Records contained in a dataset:

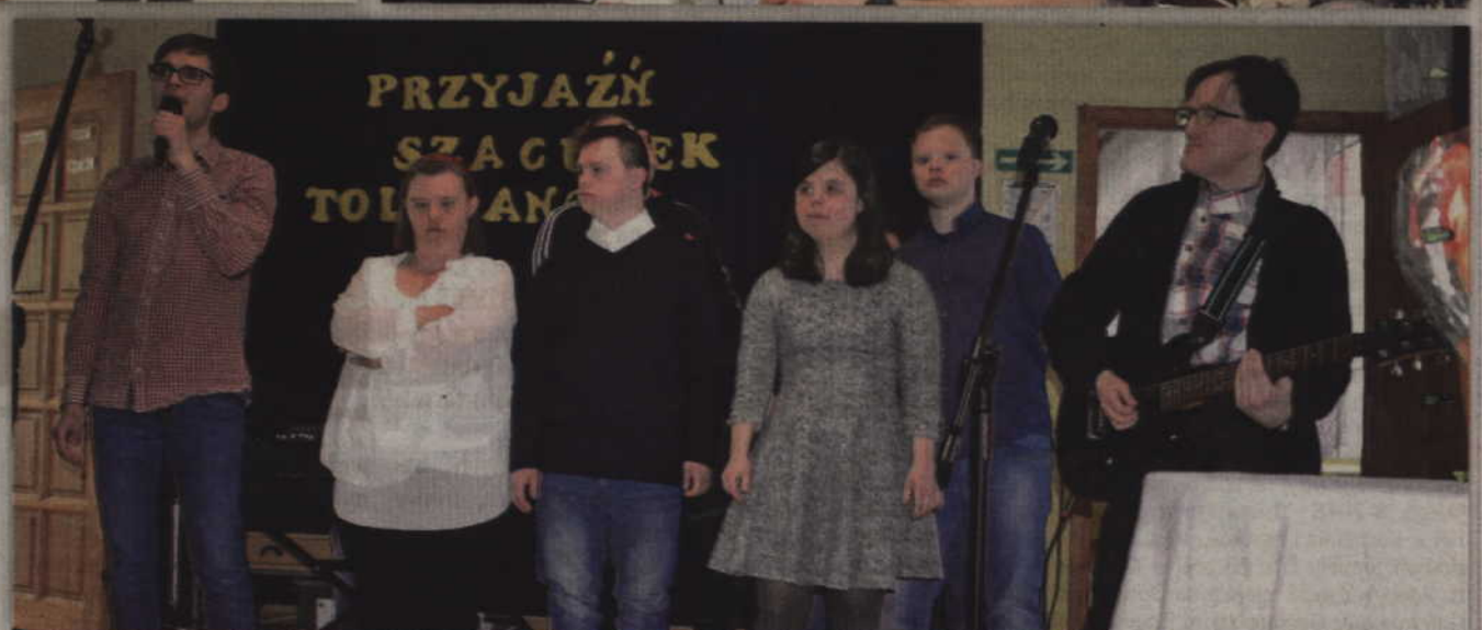
Program artystyczny przygotowali wspólnie wolontariusze ze Szkoły Podstawowej w Tychnowach oraz zespół Warsztatów Terapii Zajęciowej w Kwidzynie (na zdjęciu).
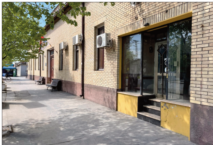
Ускоро нови јавни простор

Месна заједница Старчево дуже време тражи од Града средства за реконструкцију и адаптацију овог простора, а ова молба је коначно услишена. Садашње руководство Града Панчева позитивно је оценило ову иницијативу па су одобрена средства којима би се овај јавни простор привео намени - а то је да служи свим грађанима Старчева. У наредних неколико недеља спровеће се неопходни радови, а током маја овај простор би могао да прими и прве кориснике, старчевачке пензионере и активисткиње локалног удружења жена.
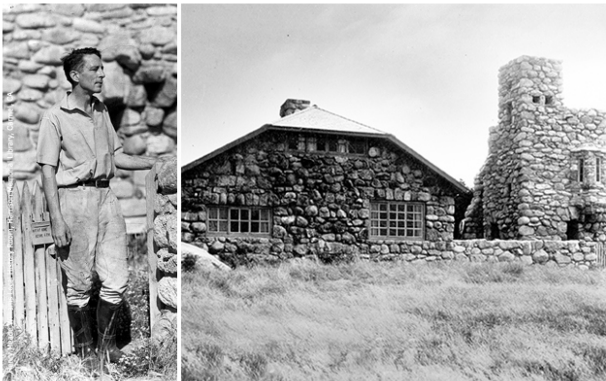
Robinson Jeffers i jego dom w Carmel na wybrzeżu Kalifornii.

pełne węgla płonących, z krwią i kośćmi ludzkimi zmieszane, a rozżarzone krańce nieba, zasnuते dymem, przybierają szarą barwę karku osła.
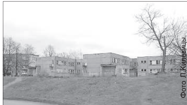
В помещениях бывшего детского сада может разместиться поликлиника.

В ходе окончательного обсуждения бюджета Даугавпилса на 2016 год председатель городской думы Янис Лачплесис сообщил, что у самоуправления есть идея в микрорайоне Новый Форштадт открыть поликлинику.
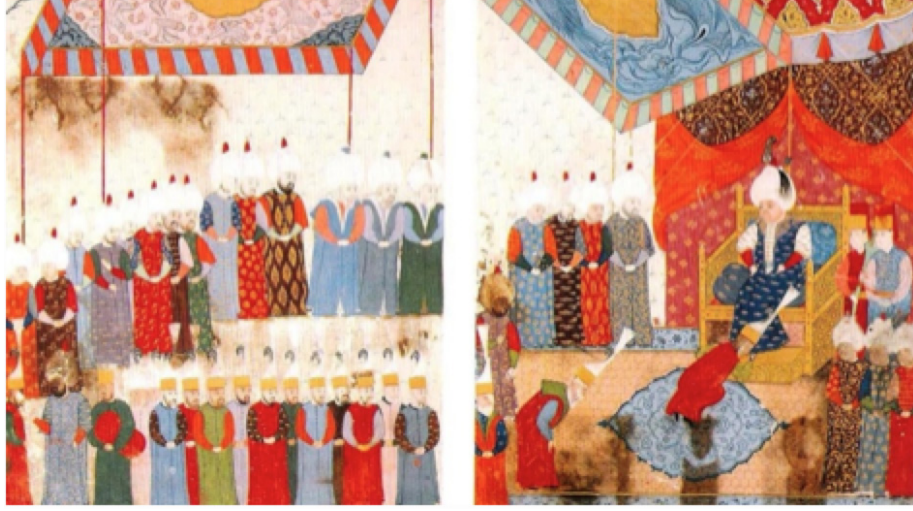
Fotoğraf:10 II Selim'in cülus töreniyle tahta çıkışı, Nüzhet-el Ahbar el-Esrar der Sefer-i Sigetvar
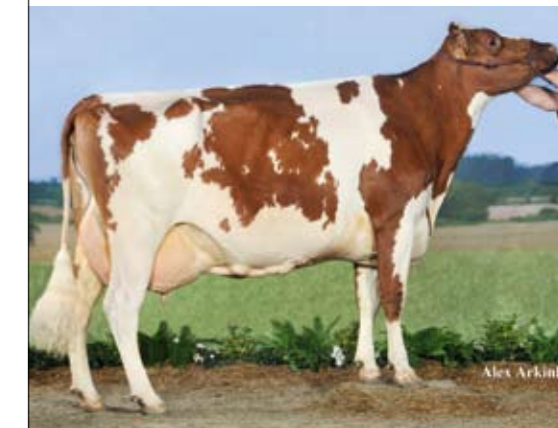
Vrouwke (v. Stadel), kampioene senioren Productie: 3.08 320 10.162 4,04 3,41 lw 110
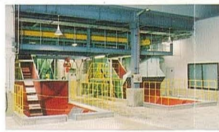
②③ 受入ホッパ・供給コンベヤ

貯留ヤードから重機で、または搬入車から受入ホッパへ直接ゴミを投入し、コンベヤで搬送します。
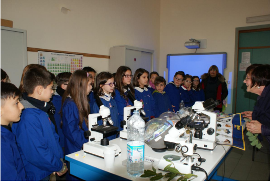
Laboratorio di scienze

Inviato da admin il Mer, 25/01/2012 - 13:17
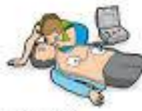
5 - Poursuivre au moins 2 minutes
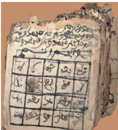
Manuscrit présentant un carré magique © Jean-Michel Djian, p.88
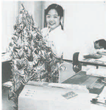
▲ 8月16日、昨年本町を訪れた、姉妹都市パララット市の女性教師から、児童に平和の尊さを教えながら折った千羽づるが届きました。
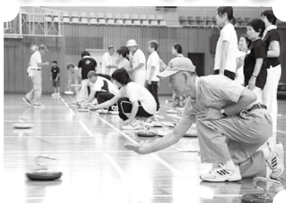
▲カローリングの要領で楽しめます。(8月22日・村体育館)
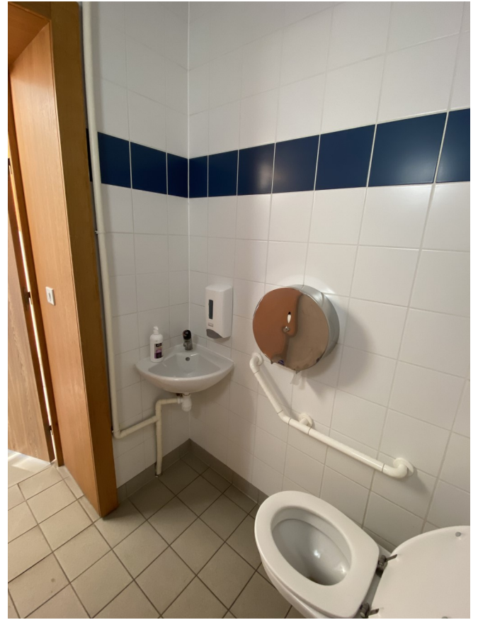
Les toilettes du RDC
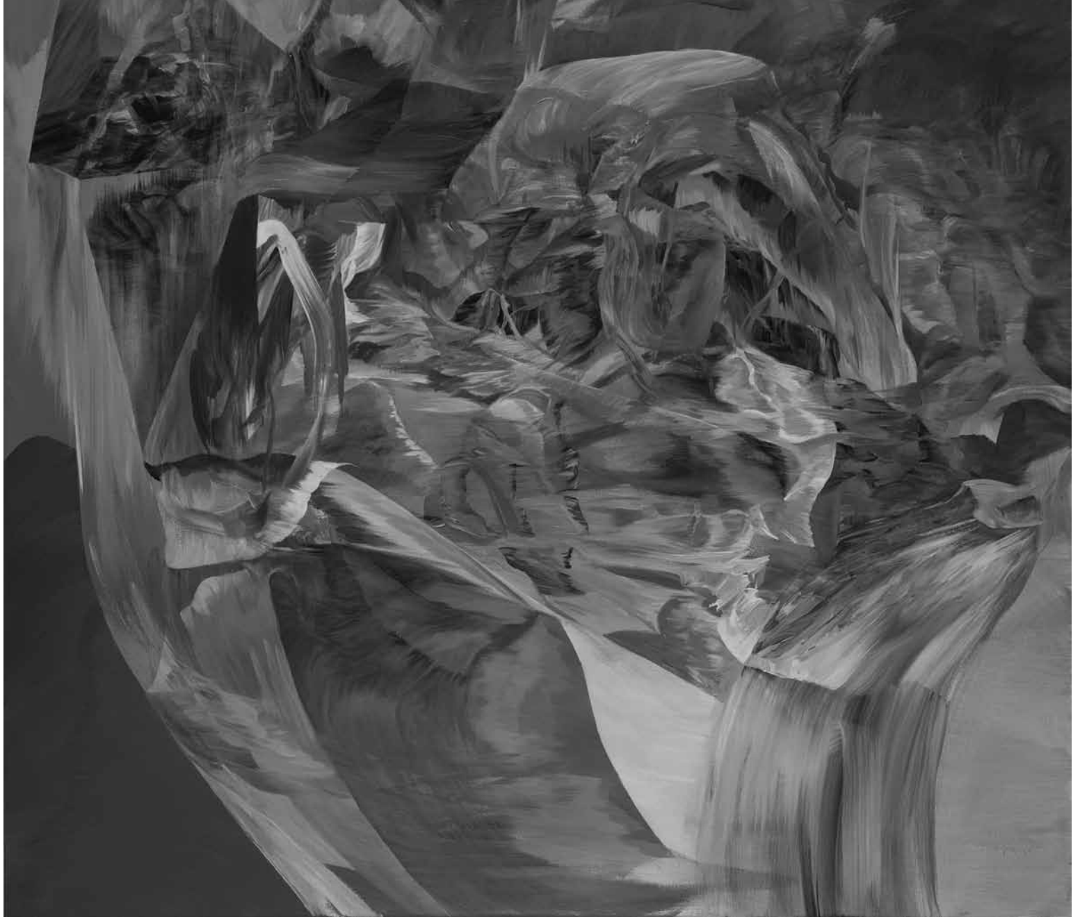
MELANIE AUTHIER Zodiac Mansion , 2017 Acrylique sur toile 106 x 122cm Acquisition en cours.
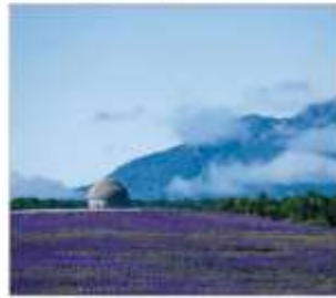
เนินพระพุทธรเจ้า
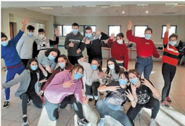
Atelier cirque pour la classe de 4 e Service aux personnes et aux territoires (Sapat).

La Maison familiale rurale (MFR) de Vouvant a tissé un partenariat avec la compagnie Croche, il y a deux ans, à l'occasion d'un projet avec l'association ArMuLeTe. Ainsi, lors de la résidence de création pour leur prochain spectacle, les artistes ont été hébergés à la MFR. Cela a permis des échanges entre jeunes et professionnels ainsi que des ateliers d'initiations diverses animés en veillées pour quelques classes.
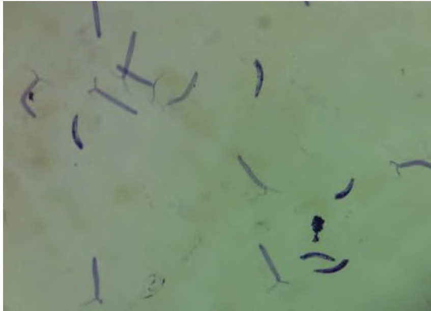
Figura 4. Cercárias encontradas após a fotoestimulação em Pomacea canaliculata .
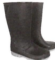
Botas de Jebe
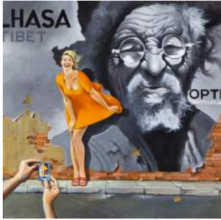
Premio Certamen Internacional de pintura "Miradas de Hispanoamérica" 2012 España "¡Ahora, mira!" José Luis López Saura

Miradas, durante el mes de noviembre, se celebra la V edición del Certamen Internacional de pintura "Miradas de Hispanoamérica". Se presentaron un total de quince obras representando a España, Argentina, México, EE.UU y Venezuela. El jurado decidió otorgarle el galardón a una de las obras presentadas por España.
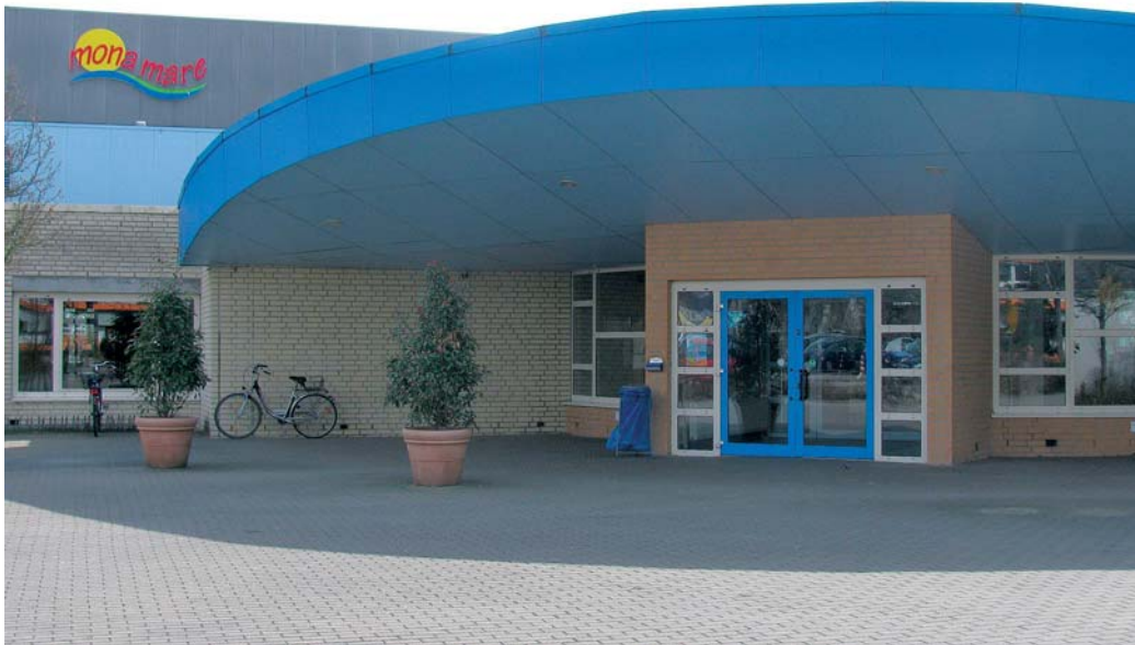
Stand im Mittelpunkt eines Themenabends der AG „30plus!“ der Jugendpartei PETO: das mona mare.

### WHAT THE TASK REQUIRES
With "Hispanoamérica" as the string to look for, count the matching lines in the entries above and report only the number.

### SOLUTION TO THIS TASK
2